_How to complete this task:_ Without copying any pictures, restate exactly the lines from the start of the records through the line containing "ဦးခက်ထိန်နန်".

_Records shown:_
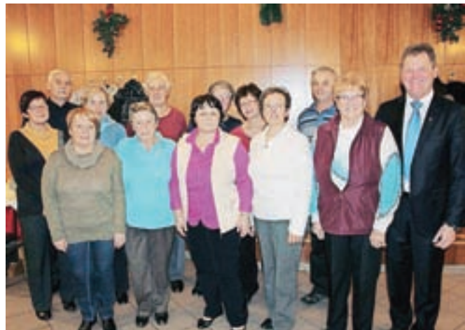
Poverjenice Društva upokojencev Naklo so povabili na druženje ob zaključku leta.
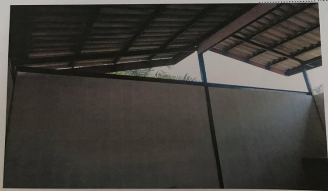
รูปดำเนินการแล้วเสร็จ

..... ประธานกรรมการ ..... กรรมการ ..... กรรมการ ..... กรรมการ ..... กรรมการ
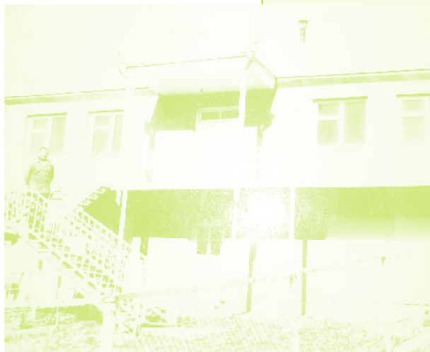
Фото 1. «Фотография Мамедакиши в собственном доме в Кызыл-Шафаге (Армянская ССР) незадолго до событий»

6. Подробнее об этом убийстве старика - азербайджанца будет рассказано ниже в разделе, посвященном самообороне кызыл-шафагцев.
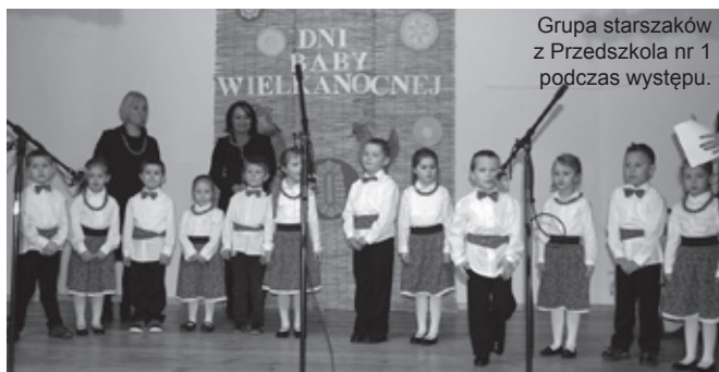
Grupa starszaków z Przedszkola nr 1 podczas występu.

Tegoroczne piechowickie święto sztuki ludowej związanej z tradycją Świąt Wielkanocnych pozytywnie zaskoczyło gości wprowadzonymi nowościami. W dniach 19-20 marca br. na estradzie Piechowickiego Ośrodka Kultury wystąpiło 15 grup śpiewających i zespołów folklorystycznych z naszego regionu. Na zakończenie swojego
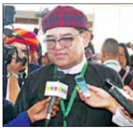
ဦးခက်ထိန်နန်
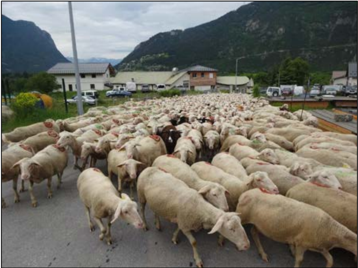
En remontant la ZA de Guillermin sur Saint-Crépin. Derrière les maisons le Cros, et plus à droite la piste forestière de l'Aiguille.
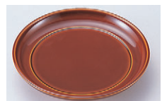
8-621-9 M-9-17 5寸椿皿 漆調春慶底黒塗 ¥1,400 (15φ×2.8) 梱100
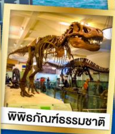
พิพิธภัณฑ์ธรรมชาติ
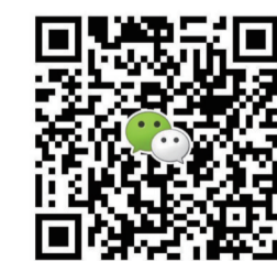
扫一扫上图二维码,添加微信
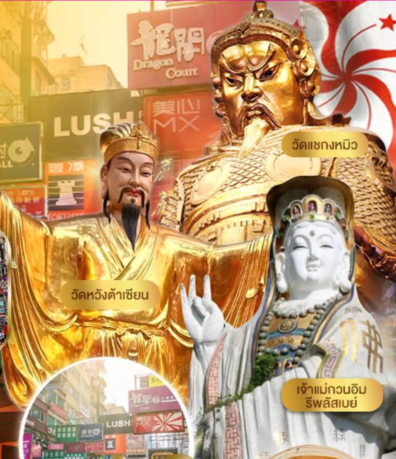
วัดเชงหมิว
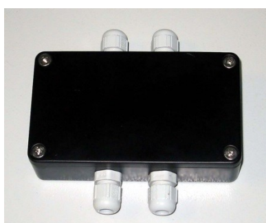
Выносной измерительный модуль ИМ2300ВМ
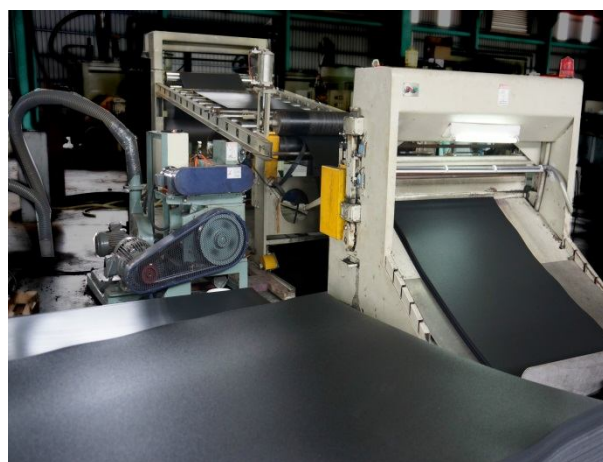
シートがいろいろな用途の製品へ
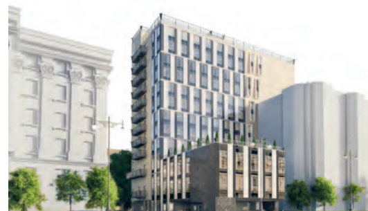
Комплекс апартментов Vertical на Московском проспекте в Петербурге.

В чем «фишка»? Используя знание местного рынка, а также технологии и ресурсы Всемирной сети, NAI Bescar предоставляет клиентам всю линейку услуг на рынке недвижимости по единым международным стандартам. Интегрированность в работу NAI Global дает возможность привлекать для каждого проекта лучших специалистов со всего мира. Гибкость системы NAI позволяет быстро находить эффективные и профессиональные решения.
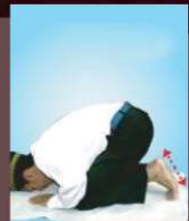
Punggung dan tumit terlalu rapat
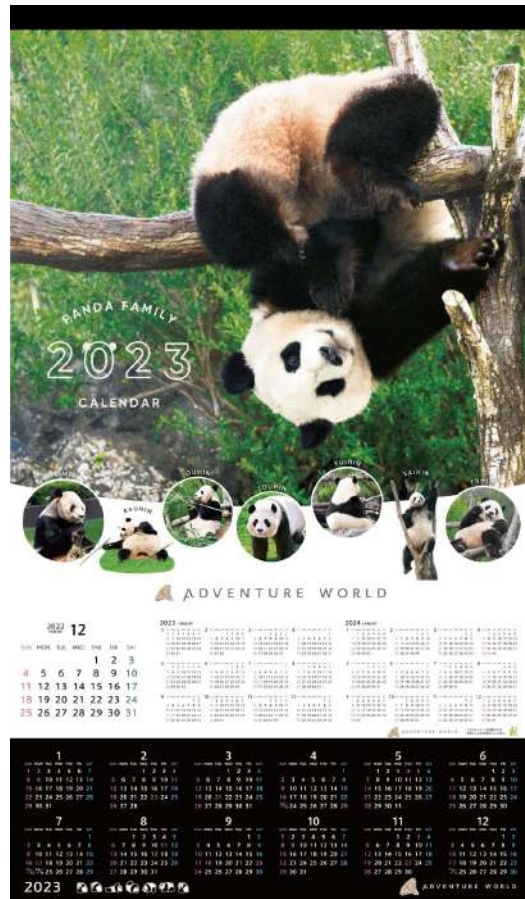
パンダファミリー (A2サイズ)

アドベンチャーワールド（和歌山県白浜町）は2023年版のオリジナルカレンダーを2022年12月1日（木）よりA2サイズのオールキャスト・パンダファミリーの2種類、卓上カレンダー1種類の合計3種類を販売いたします。パークフォトグラファーが撮影し厳選した写真から構成されたカレンダーには、動物たちの未来に生きようとする姿、そして命が繋がっていく奇跡が綴られています。

_Exercise result:_
Poverjenice Društva upokojencev Naklo so povabili na druženje ob zaključku leta.
รูปดำเนินการแล้วเสร็จ

..... ประธานกรรมการ ..... กรรมการ ..... กรรมการ ..... กรรมการ ..... กรรมการ
Фото 1. «Фотография Мамедакиши в собственном доме в Кызыл-Шафаге (Армянская ССР) незадолго до событий»

6. Подробнее об этом убийстве старика - азербайджанца будет рассказано ниже в разделе, посвященном самообороне кызыл-шафагцев.
Grupa starszaków z Przedszkola nr 1 podczas występu.

Tegoroczne piechowickie święto sztuki ludowej związanej z tradycją Świąt Wielkanocnych pozytywnie zaskoczyło gości wprowadzonymi nowościami. W dniach 19-20 marca br. na estradzie Piechowickiego Ośrodka Kultury wystąpiło 15 grup śpiewających i zespołów folklorystycznych z naszego regionu. Na zakończenie swojego
ဦးခက်ထိန်နန်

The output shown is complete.